Reema was waiting for him as he taxied in. As a modern Indian woman, she had abandoned the sari in favour of a neat slacks suit. She was not so modern, however, that she wished to choose her own husband. Her father and her uncles were working on that at the moment, and had already come up with a likely candidate in Canada. A professor of Oriental religions at Toronto University. Sean hated them for it. Reema was an ornament to Courtney Safaris, and he knew that he would never be able to replace her.
She had the ambulance waiting on the tarmac beside the light aircraft hangars. Regularly, Reema bribed the guards on the main gate with dried game meat from the concession. In Africa, meat or the promise of meat opens all gates.
They followed the ambulance to the hospital in the Kombi. While Sean sat in the passenger seat glancing through the most urgent mail she had brought for his attention, Reema recited a list of the important developments during his absence.
‘Carter, the surgeon from Atlanta, cancelled . . .’ That was a twenty-one-day safari, and Sean glanced up sharply, but Reema soothed him. ‘I phoned the German soap manufacturer in Munich, Herr Buchner, the one we turned down in December. He jumped at it. So we are full, back to back, for the rest of the season.’
‘How about my brother?’ Sean interrupted. He didn’t tell her that it was touch and go that there was going to be an end to the season.
‘Your brother is expecting your call and as at six o’clock this morning the telephone was still working.’ In Zimbabwe that was something that couldn’t be taken for granted.
At the hospital, there were at least fifty seriously ill patients awaiting admission ahead of them. The long benches were full of huddled, miserable humanity and the stretchers were blocking the aisles and doorways. The admission clerks were in no great hurry and waved Shadrach’s stretcher to a far corner.
‘Leave it to me,’ said Reema, and she took the senior admissions clerk by the elbow and led him aside with an angelic smile, talking to him sweetly.
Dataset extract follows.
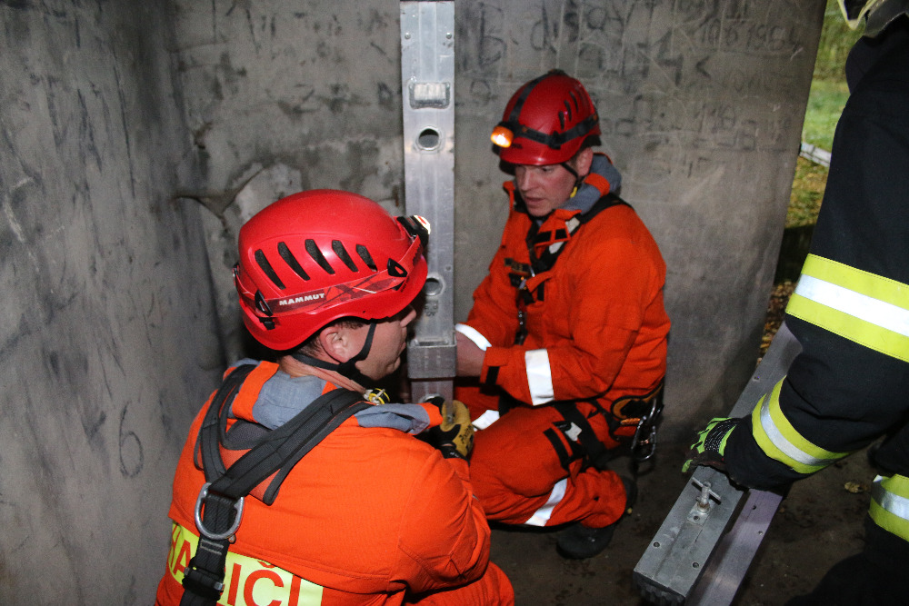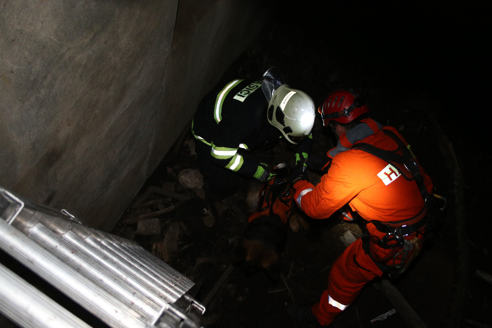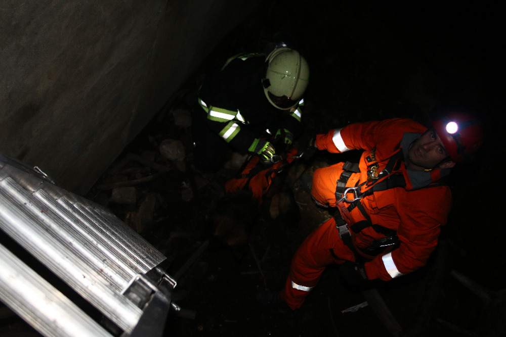 Vytažení psa ze šesti metrového sklepení u obce Vroutek

Five minutes later, Shadrach’s admission papers were processed and he was being examined by an East German doctor.
‘How much did that cost?’ Sean asked.
‘Cheap,’ Reema answered. ‘A bag of dried meat.’
Sean had picked up sufficient of the German language from his safari clients to be able to discuss Shadrach’s case with the doctor. The man was reassuring. Sean said goodbye to Shadrach.
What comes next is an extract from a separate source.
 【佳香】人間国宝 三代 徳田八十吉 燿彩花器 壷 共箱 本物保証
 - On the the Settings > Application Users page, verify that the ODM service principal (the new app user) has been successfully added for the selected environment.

‘Reema has your money. She will come to see you each day. If you need anything tell her.’
‘I will be with you in spirit when you hunt Tukutela,’ Shadrach said softly, and Sean had to clear his throat before he could answer.
‘We will hunt many more elephant together, old friend.’ And he walked away quickly.
The next morning when at last he got through to Johannesburg, the telephone line was crackling with static.
‘Mr Garrick Courtney is in a board meeting,’ the girl on the switchboard at Centaine House, the Courtney Group headquarters, told him. ‘But he gave orders to put your call through directly.’
In his mind’s eye, Sean saw once again the boardroom, panelled in figured walnut, the huge Pierneef canvases framed by the elaborate panels, and his brother, Garry, sitting at the head of the long table, beneath the crystal chandelier that his grandmother had imported from Murano in Italy, in the chairman’s high-backed throne.
‘Sean!’ Garry’s voice cut through the static, bold and assured. How he had changed from the puny little runt who used to pee his bed.
The job could have been Sean’s if he had wanted it and had been prepared to work for it. Sean was the eldest son, but he did not want the job. Still he always experienced a twinge of resentment when he thought of Garry’s Rolls and Lear jet and holiday home in the south of France.
‘Hello Garry. How’s it going?’
‘All well here,’ Garry told him. ‘What’s the problem?’ It was typical of their relationship that any contact meant there was a problem to solve.
‘I might need to put a bit of honey with the cheese,’ Sean told him diplomatically. It was their private code for money to Switzerland, and Garry would understand that Sean would be bribing somebody for something. It happened often enough.